Pour Diego, nous sommes reconnaissants…

Ceux qui profitent de la mort de Maradona pour le dénigrer lui et le Chavisme n’ont aucune stature morale, ils ne comprennent pas et ne comprendront jamais ce que nous, Chavistes, sommes, ni ce qu’est Maradona.

Le Chavisme ne rejette pas l’amitié de Maradona parce qu’il a pris de la drogue. Nous ne nous en soucions pas. Nous l’aimons en raison de sa dimension humaine et réelle. Tout ce que nous pouvons dire de lui, c’est qu’il était génial, merveilleux et authentique. C’était un vrai homme dans la peau du plus grand des footballeurs. Depuis le 4F de 1992 (soulèvement militaire contre les politiques néolibérales du président Carlos Andrés Pérez et première apparition publique de Hugo Chavez), nous, les Chavistes, aimons ceux qui tombent et se relèvent.

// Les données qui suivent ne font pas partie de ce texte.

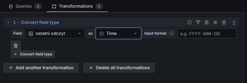 Na tym etapie pozostaje jedynie poprawić czytelność prezentacji danych w Grafanie.W okienku transformat dodajmy jedną o nazwie Convert field type. W jej konfiguracji w polu Field wybierzmy kolumnę ostatni odczyt – dzięki temu Grafana zacznie traktować tę kolumnę jako znacznik czasu i zamiast surowego timestampu wyświetli czytelną datę.
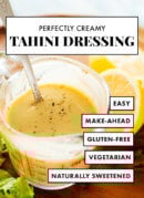 I shared my go-to tahini sauce recipe a couple of months ago (have you tried it yet?). This salad dressing is similar but designed specifically for drizzling on salads, rather than using as a dipping sauce or on sandwiches.
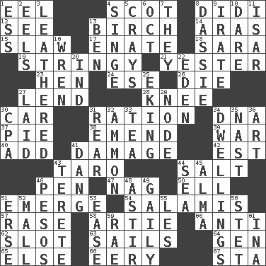 ACROSS 1. Snakelike fish 4. Highlander 8. "You Light Up My Life" star Conn 12. Perceive with the eye 13. A tree used for making furniture 14. Ancient river in northeast Turkey 15. Cole _ (cabbage dish) 17. Maternal 18. "Two Mules for Sister ____" 19. Slender, wiry 21. Next before 23. Layer 24. Compass dir. 26. Expire 27. Grant temporary use of 28. Leg joint 30. Auto 31. Food allowance for one day 34. Heredity factor (abbr.) 37. Sliced dessert 38. Make improvements or corrections to 39. Armed conflict 40. Say or write further 41. Break 42. Eastern Standard Time (abbr.) 43. Edible starchy tuberous root 44. Table seasoning 46. Animal enclosure 47. Tired old horse 50. Pipe bend 51. Develop 54. Deli grouping 57. To erase 58. Nick name for Arthur 60. Against 62. Slit 63. Moves on water 64. Commissioned mil. rank 65. Otherwise 66. Suggestive of the supernatural 67. R.R. building DOWN 1. Curvy letter 2. Snakelike fish 3. Tough but pliablecoriaceous 4. Scorch 5. Trading vessels 6. Sep. follower 7. Those things 8. Small ungulate mammals of Africa 9. Feeling or showing extreme anger 10. Have the gumption 11. Austrian river, tributary to the Danube 13. Benjamin's nick name 16. Songbird 20. Indiana (abbr.) 22. Genesis locale 25. Supplementing with great effort 27. Put down 29. Thickened enlargement 30. Accounting whiz (abbr.) 31. Posterior 32. ID or VA city 33. Afternoon social gathering 34. Homes 35. Political cartoonist Thomas 36. Tate display 41. Mild oath, euphamism for damn 43. Cigar-shaped 44. Ocean 45. _ mater 46. Mexican monetary units 48. Moving about 49. Lightheartedly 51. Celtic language 52. Shopping center 53. Relaxation 55. French article 56. Proofreading order 59. Actress Charlotte 61. _ tizzy (2 wds.)

Nous, les Chavistes, aimons Maradona parce qu’il a résisté aux publicités pour Visa, Coca-Cola, etc. et n’est pas devenu une marque comme l’est Pelé. Diego a résisté et ne s’est pas transformé en un produit commercial comme les autres joueurs de football aujourd’hui. Les mêmes personnes qui ont critiqué Maradona pour ses problèmes personnels ont proposé de l’acheter, puis de le domestiquer afin d’en faire un produit. Il préférait être libre et faire ce qu’il voulait. C’est ce qu’on appelle la dignité, un concept étranger pour beaucoup.

Sa vie entre la gloire et la défaite a été marquée par la controverse. Mais peu importe, l’histoire l’absoudra, comme l’a dit Fidel, que Maradona a aimé et toujours remercié pour lui avoir sauvé la vie lors de sa réhabilitation à Cuba.

Maradona n’était pas accablé par toutes les critiques et les menaces qu’il recevait, car il était l’ami de Fidel Castro, d’Hugo Chavez, de Nicolas Maduro, d’Evo Morales, de Cristina Kirchner, de Lula. Il n’a pas été blessé par tout ce qu’il a perdu, ni par les portes qui lui ont été fermées. Il n’était pas accablé par les messages de haine qu’il recevait toujours des récalcitrants haineux.

Nous, les Chavistes, nous aimons ceux qui jouent avec nous.

Maradona a bien voulu commenter la transmission des deux Coupes du monde chez TeleSur, avec Victor Hugo Morales. Nous avons eu l’audace que les autres chaînes de télévision n’avaient pas, car Maradona, c’est du football, mais aussi de la politique. Les portes de notre maison étaient ouvertes à notre fidèle ami.

Maradona a dit que si Nicolas Maduro lui en donnait l’ordre, il s’habillerait en soldat et se battrait pour défendre le drapeau vénézuélien, car c’est la chose la plus sacrée que nous ayons. Il l’a affirmé alors que de nombreux Vénézuéliens de l’opposition se moquaient d’une de nos phrases de campagne « mais nous avons une patrie » et se moquaient donc de lui, tout en suppliant une intervention américaine et des sanctions.

Maradona était détesté par les riches et les conservateurs, dans son pays, à la FIFA et dans la politique régionale. Cela le rendait idéal pour nous, car parfois certaines haines nous montrent la voie pour aimer les bonnes personnes.

L’autel moral pour mesurer Maradona n’existe pas. Personne n’est parfait pour dénigrer Maradona. C’était un homme ordinaire, qui s’est élevé des entrailles de son pays pour devenir une référence mondiale. Et aucun, aucun de ses détracteurs, ne pourra se mesurer à lui et à sa gloire. Il ressemble en de nombreux points à Hugo Chavez, et c’est aussi pour cela que nous l’aimons.

Nous, les Chavistes, nous aimons Maradona parce que nous aimons ce qui rend beaucoup de gens heureux. Et Maradona, qui était argentin, a donné beaucoup de joies dans son pays, mais aussi dans le monde entier. Et nous les avons fait nôtres. Et nous l’avons fait nôtre.